→ **Task**
Below are records with pictures. Reproduce exactly the lines from the line with "消防氣體頂壓給水設備中消防氣" to the line with "ラジオ体操の後、学校紹介をしました。", inclusive, and leave each picture out.

Exercise data section start

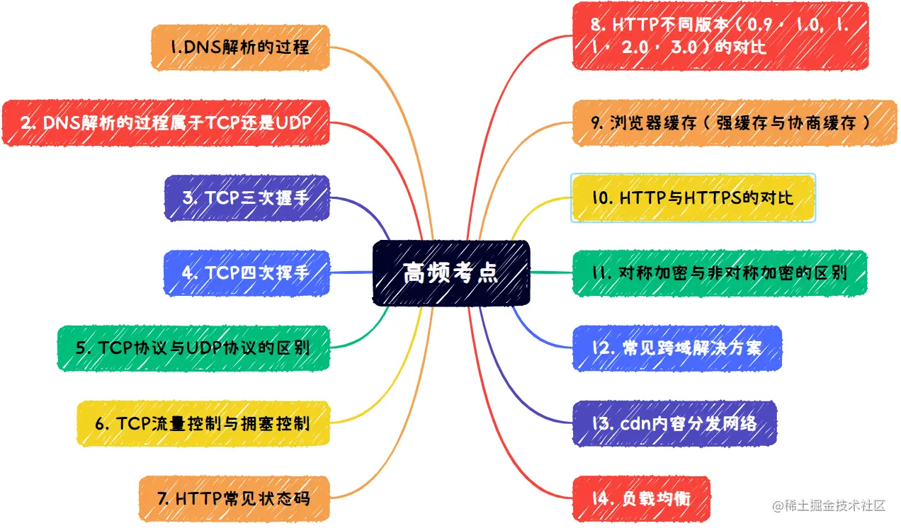 1-5步都是计算机网络和http通信的相关知识点,汇总下来大致包含以下一些高频且必须掌握的内容:
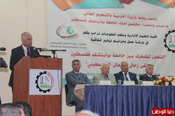 لما لذلك لأهمية كبيرة في توفير خبرة عملية للطلبة في مواقع الشركات والقطاع الخاص. مشيراً إلى البطالة المقنعة في السوق الفلسطيني، وأهمية توفير توجيه الكفاءات حول التخصصات التي يحتاجها سوق العمل ومن جانبه بارك نائب محافظ محافظة الخليل هذه الاتفاقية وأشاد بالشراكة الإستراتيجية بين جامعة بوليتكنك فلسطين وملتقى رجال الأعمال الفلسطيني لربط الجامعات بسوق العمل وتوفير فرص عمل لخريجي الجامعات الفلسطينية.
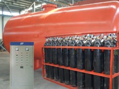 消防氣體頂壓給水設備中消防氣壓水罐是儲水部件,其有效水容積最低要求3m3。氣壓水罐均采用補氣型氣壓水罐。該類設備靠大型氣壓水罐提供10min消防初期用水量,不設消防泵組,只設有消防穩壓泵組。主要不同在于氣體頂壓設備采用高壓氣瓶組儲存消防工作時的動力氣源,動力氣源與氣壓水罐分置,當消防指令到達,啟動頂壓系統向氣壓水罐輸入滿足消防工作壓力的壓縮氣體,將罐內消防用水置換排出,消防用水以恒壓狀態供給消防部件。
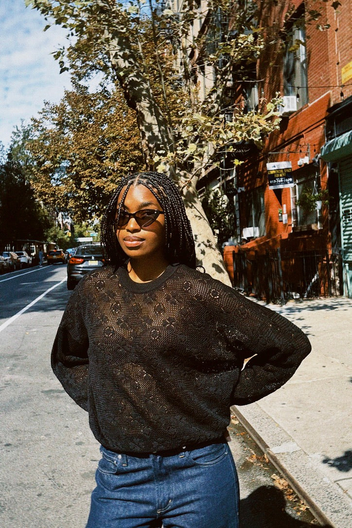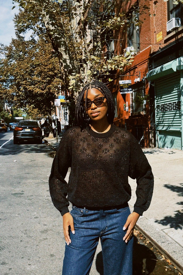📏 Peyton is wearing size S. This sweater runs true to size, with an oversized fit.
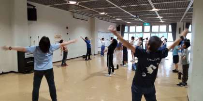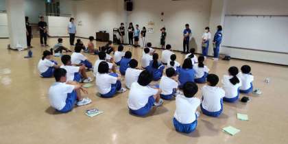 ラジオ体操の後、学校紹介をしました。
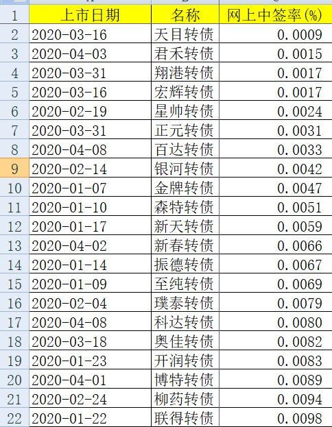 集中“捡钱”的机会又来了! 本周四、周五两天合计有7只可转债集中发行。其中周四有长集转债、鲁泰转债、东时转债三只新债发行,周五则有应急转债、起步转债、华统转债、滨化转债四只新债申购。 可转债打新空仓就能参与,从今年以来的打新情况看,打到就赚到,尚无一例破发。不过,随着参与人数的增加,中签率也在持续走低。 除了可转债之后,这两天还有沪硅产业、锐新科技、锦和商业、金田铜业4只新股申购,除了登陆科创板的沪硅产业之外,另外三只新股按照6个涨停板计算,中一签或赚超1万元。 2天7只可转债申购 今年新债上市首日平均涨20% 周四、周五两天,将有7只可转债集中申购。 今年已经有51只可转债上市交易,上市首日全部收涨,尚无一只转债破发,平均涨幅20.56%, 8只转债上市首日涨幅超30%,其中涨幅最高的是正元转债,上市首日涨38.89%,可转债中一签为10张(1000元),也就是中一签平均205元,中了正元转债一签可赚380元。 有4只可转债上市首日涨幅低于10%,最低的是正裕转债,涨幅为6.63%。 从4月份新债上市的表现来看,表现最高的是4月1日上市的博特转债,首日涨幅31.02%,此后几只新债则涨幅不超20%,最低的是新春转债,首日涨幅9.08%。 越来越难中签 多只中签率不足万一 虽然可转债打新并不是稳赚不赔,但是持续的稳定赚钱效应也吸引了越来越多的投资者参与。今年多只可转债网上申购有效申购户数都稳定在400万户以上,参与人数越多,“捡钱”也越难,从今年的中签情况来看,中签率持续走低,多只转债中签率不足万一。 今年新债平均中签率为0.0217%,21只新债中签率不足万一,最低的是天目转债,中签率只有0.0009%,还有首日涨幅最高的正元转债,中签率0.0031%。 两天还有4只新股可申购 中一签或赚超1万 这两天还有沪硅产业、锐新科技、锦和商业、金田铜业4只新股申购,其中沪硅产业是科创板新股,中签缴款日期均为4月13日(周一)16:00之前。 科创板打新的“赚钱效应”让登陆科创板的沪硅产业颇受关注,今年以来共有24只科创板新股上市,上市首日平均涨幅为185.5%。沪硅产业拟公开发行股份数量不超过6.2亿股,是今年以来继京沪高铁之后发行数量第二的新股。 锦和商业、锐新科技和金田铜业这三只新股来看,如果按6个涨停计算,单签盈利均超万元。 5 @% a j6 ^4 M/ k- Z

Exercise data section end

→ **Response for this exercise**
 消防氣體頂壓給水設備中消防氣壓水罐是儲水部件,其有效水容積最低要求3m3。氣壓水罐均采用補氣型氣壓水罐。該類設備靠大型氣壓水罐提供10min消防初期用水量,不設消防泵組,只設有消防穩壓泵組。主要不同在于氣體頂壓設備采用高壓氣瓶組儲存消防工作時的動力氣源,動力氣源與氣壓水罐分置,當消防指令到達,啟動頂壓系統向氣壓水罐輸入滿足消防工作壓力的壓縮氣體,將罐內消防用水置換排出,消防用水以恒壓狀態供給消防部件。
📏 Peyton is wearing size S. This sweater runs true to size, with an oversized fit.
 ラジオ体操の後、学校紹介をしました。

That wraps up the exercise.